A few years ago, a pro might pull into a pocket and get a tickle in their brain to go flip bushes or crank the old shoreline on a rising lake. Now, a 20-year-old could come off a plane, see a few shad flick and decide to spend 10 minutes or so scoping around over a creek channel.

"I don't need to be a master at LiveScope," Castledine said. "I just need to be good enough at LiveScope so when it plays, I can play. I think some of these older guys get caught up in their ways, and by the time they figure it out they're gonna be late to the party. Those young kids that all use LiveScope, this just so happened to be a LiveScope event - there are going to be times where it doesn't play. If LiveScope does play, be good enough to Top 10. If LiveScope doesn't play, be good enough to Top 10 without it."
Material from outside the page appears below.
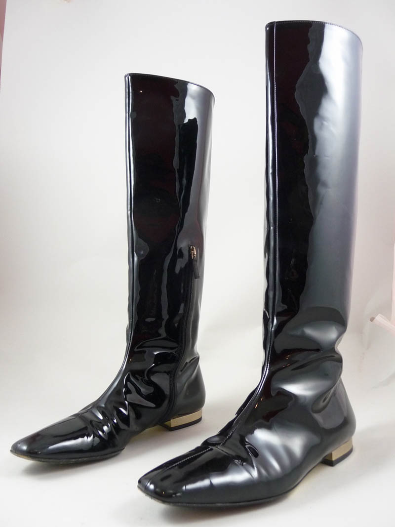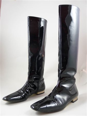 STIVALI IN VERNICE NERA - VARNISH BOOTS Gucci tacco dorato, risvolto interno dorato, lievi difetti tg 38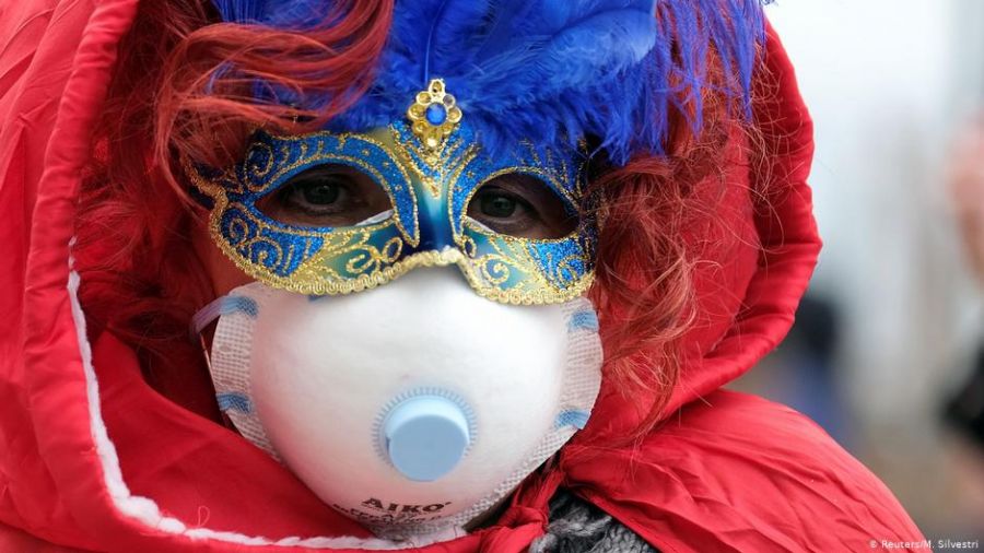 Foto: Una persona disfrazada para el carnaval italiano usa, además, una mascarilla para protegerse del coronavirus.

Right now, bass fishing and technology have changed pretty quickly. According to Castledine, that has given younger anglers a great opportunity.

"It'll have its peak, and then it's going to start to fall," Castledine said. "When it starts to fall, you'd better be ready to change. Older guys don't get worse at fishing, fishing just changes and they don't change with it. I know that whatever it is, I need to learn and get good at whatever the change is. The older you get, the less you want to do that."

With how quickly the youth are getting up to speed these days, everyone needs to be ready for the next big change. Because if chasing fish with forward-facing sonar slows down even a bit for anglers like Hall, Robinson or Gill, you can bet there will be another 20-year-old on the cutting edge of the next bite.